【登録 2003/09/21】  
紙田治一 遺稿[ 関東軍衛生幹部教育隊 ]


関東軍衛生幹部教育隊 6

 関東軍司令部命令(既に司令官・山田乙三大将は逃げて通化市にはいなかった)。
「朝鮮人の兵と満洲に家族のいる者は、現地除隊して自由に行動すべし」
「他の兵は南下して朝鮮経由で日本内地に帰還すべし」
「関東軍衛生幹部教育隊は、柴田久軍医大尉以下125名を残し、通化市及び周辺の傷病兵と民間人の医療に尽くすべし。他の者は朝鮮に南下すべし」
 と有無を言わせず、私達は残留させられた。
 貨車に積載した食糧は支給されず、「現地の永久陣地の倉庫より、食糧、その他は3日以内に運べる限り運ぶこと」の指令だ。ソ連軍が18日に進攻して来る、それまで出来るだけ運べということだ。トラック5台を入手して10キロぐらい離れた倉庫に行き、運んだ、運んだ。1人が2人分の力を発揮して、20日に運搬がソ連軍に差し止められるまで運んだ。

 元通化高等女学校跡が病院になった。傷病将兵が集められ入院してきた。2階に収容して診療に当たった。講堂は集会場兼娯楽室に充てた。階下は我々の宿舎と事務室、外来診療室、薬室、手術室、倉庫、別棟を炊事とした。
 当時、通化市には赤痢が大流行していた。入院患者も重症赤痢が大半を占めていた。
 外来は繁盛したが薬品の不足が悩みの種だった。おおばこ、どくだみ、はこべの野草を採取して漢方薬として使用した。その他解熱剤に蚯蚓が集められた。
 アルコールは燃料用の90%アルコールは飲用禁止になった。葡萄酒製造工場から未熟生ワインが運ばれて、アルコールを添加して赤酒として飲用に供された。トラックの燃料アルコールは充分確保してあった。やがてソ連軍にトラックが1台を残して、残りは全部没収されて、余ってきた燃料だけが飲み代に残った。
 重症赤痢患者は次々と戦病死していった、最初は山のところに埋葬したが、住民の反対から、校庭の防空壕跡に埋葬した。
 その間、ソ連兵が日本人婦人を強姦しているところを、元憲兵が怒って日本刀で後ろ袈裟切りで斬り殺した。それまで武装解除は銃器類だけだったが、日本刀も没収となった。だが、数本は井戸に吊るして隠した。警備用の小銃、弾丸も没収されたのは当然のことである。
 木銃が衛兵に持たされた。満人が襲撃して来るというので、あり合わせの木銃の尖端を削り槍先のようにした。小瓶に油と燃料アルコールを襤褸や綿に滲ませて、間に合わせの火焔瓶を造って待機した。満人は襲撃して来なかった。
 死亡者の毛布は焼かずに水洗いして、煙草や餅などと交換した者もいたが、一番困ったのは入浴が出来ないことであった。私は日本人の風呂桶屋に3個の風呂桶を見つけた。早速軽症患者の大工気のある者を集めて屋外に風呂場を造った。時は満洲の9月末である。たった10日間で寒くて入れなくなったが、全員垢を流してさっぱりして大変な喜びようであった。
 ソ連兵は「ダバイ」と、よく臨検に来て腕時計、万年筆を取って行った。ソ連軍医は馬鹿ばかり揃っていた。ウオツカと90%アルコールと交換して飲んで、我々がケロッとしているのに、奴さん、伸びてしまった。
 臨時野戦病院から赤十字病院と名称変更して、お互いに、「さん」「君」と呼ぶことにしたのも、ソ連軍が八路軍とチェンジしてからであった。

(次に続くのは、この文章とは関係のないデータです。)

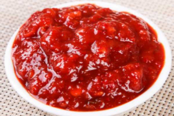 做法新鮮的朝天椒,配幾只紅尖椒(愛吃辣的人可以全用朝天椒),500克番茄,一塊姜,兩頭大蒜。以上各樣分別放攪拌機攪成糊狀。炒鍋放水一小碗,用中火煮,各種糊下鍋中,熬醬(蒜蓉留一半最后放)邊熬邊加鹽、糖(少許),米醋小半瓶。切記要不停地用勺攪拌以防粘鍋,由稀轉稠就可以關火了,然后下點味精,再把剩下的蒜蓉倒進去,涼后裝瓶。

 死亡者がなくなってきた頃、転居を命ぜられたのは10月の終わり近くであった。元の警察学校の跡であった。
 越冬の準備が始まったが、財政は苦しくなっていた。我々は出稼ぎをして食糧確保資金を貯めた。前戦にも八路軍の要請で、資金稼ぎのために出た者もいた。省立病院、八路軍の臨時旅館病院、司令部診療所に出て働いた、私はさらに民間日本人診療所長も兼任した。